__Work item__
The output is a word-for-word repeat of the listing below, free of images.

__Supplied material__

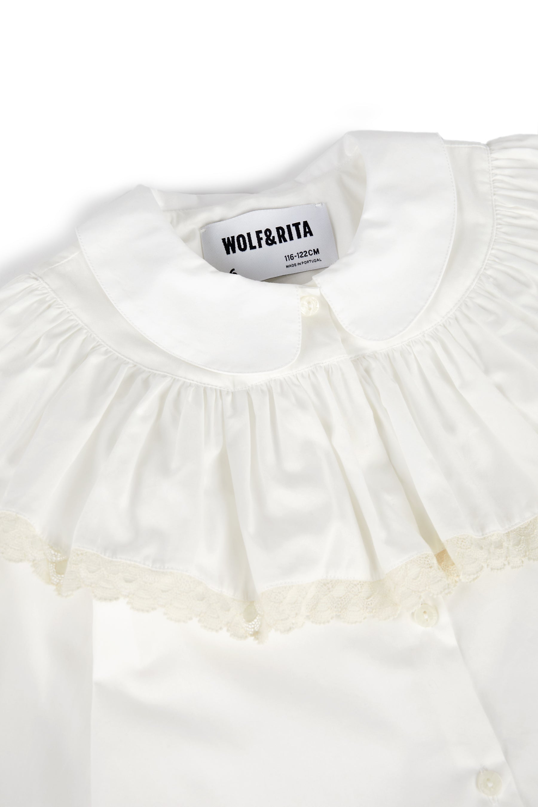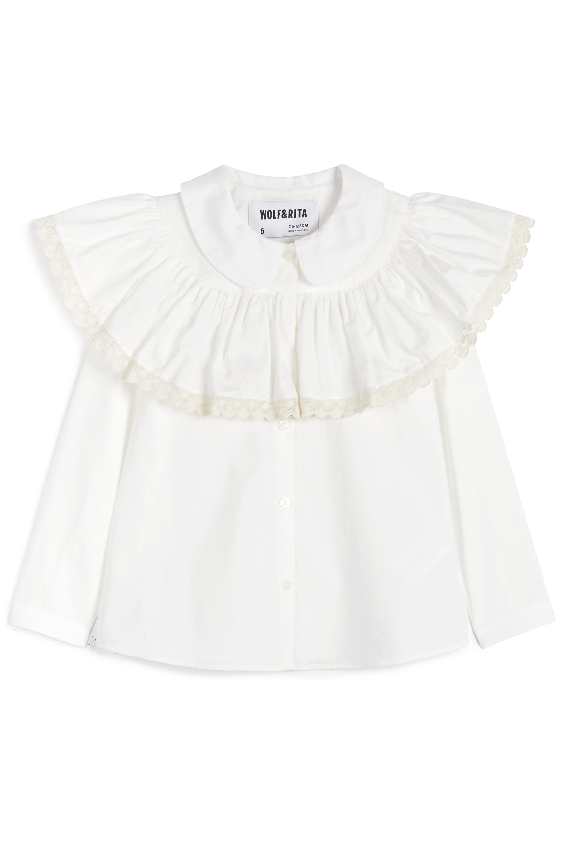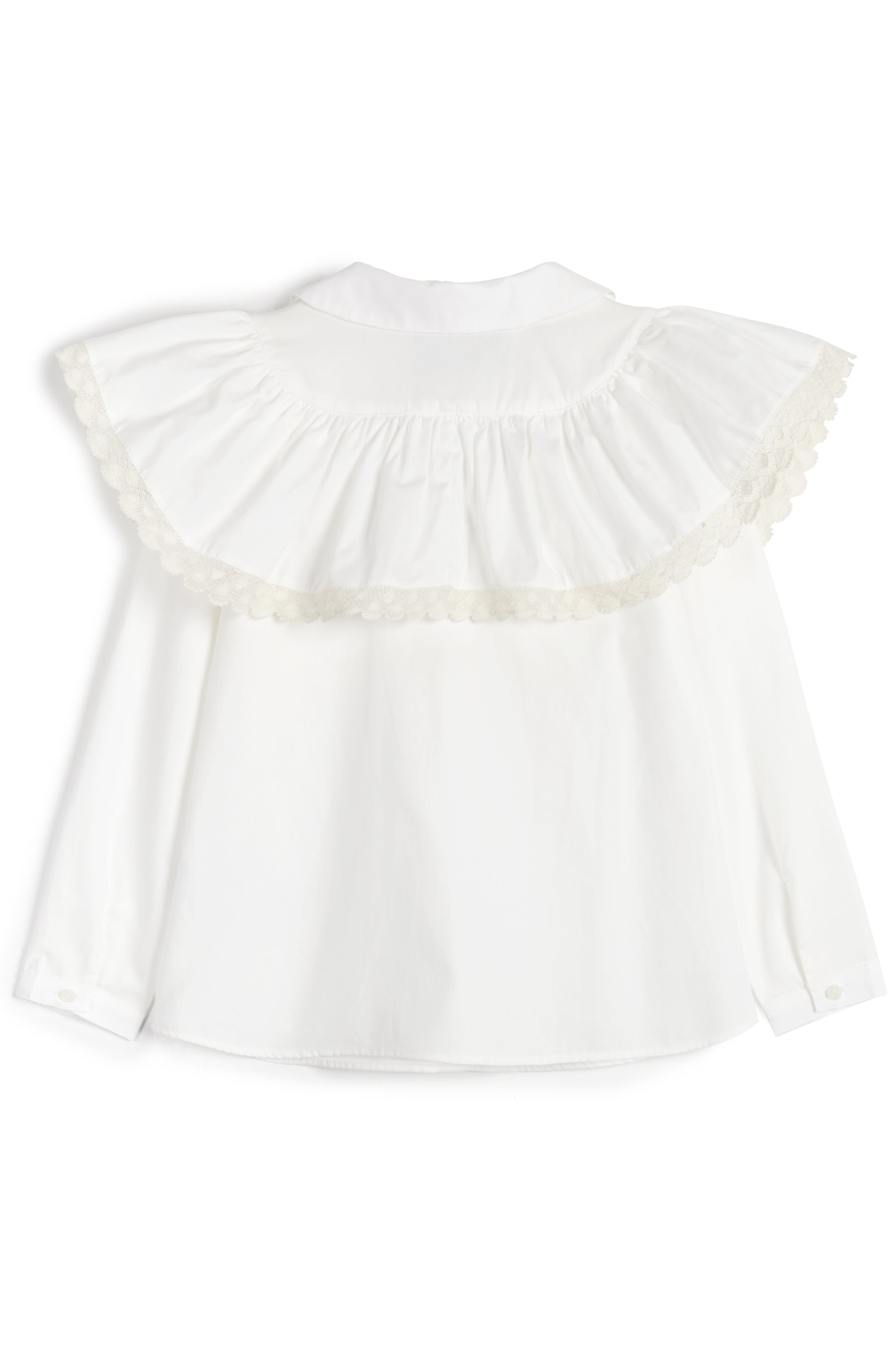 Long sleeved prairie blouse with front buttons, elasticated cuffs, round collar, ruffled lace details and cuff buttons
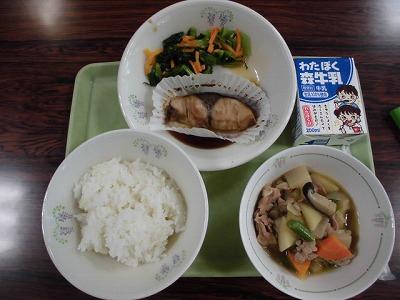 献立は ごはん、牛乳、ブリの照り焼き、三食野菜のおひたし、肉じゃが
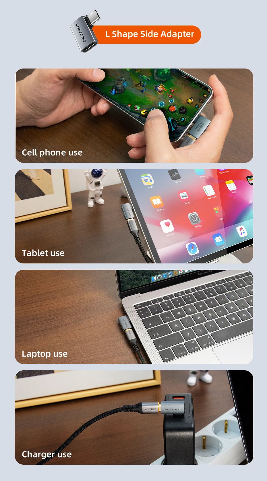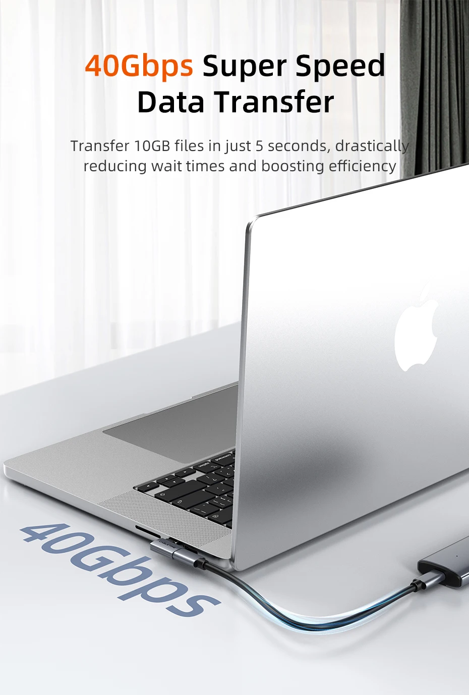 El adaptador de ángulo recto USB C Cabletime ofrece velocidades de transferencia de datos de 40 Gbps, lo que le permite mover archivos de 10 GB en solo 5 segundos.Disfrute de transferencias de archivos más rápidas y eficientes que ahorran tiempo y mejoran la productividad.

__Result of the task__
 Long sleeved prairie blouse with front buttons, elasticated cuffs, round collar, ruffled lace details and cuff buttons
 献立は ごはん、牛乳、ブリの照り焼き、三食野菜のおひたし、肉じゃが
 El adaptador de ángulo recto USB C Cabletime ofrece velocidades de transferencia de datos de 40 Gbps, lo que le permite mover archivos de 10 GB en solo 5 segundos.Disfrute de transferencias de archivos más rápidas y eficientes que ahorran tiempo y mejoran la productividad.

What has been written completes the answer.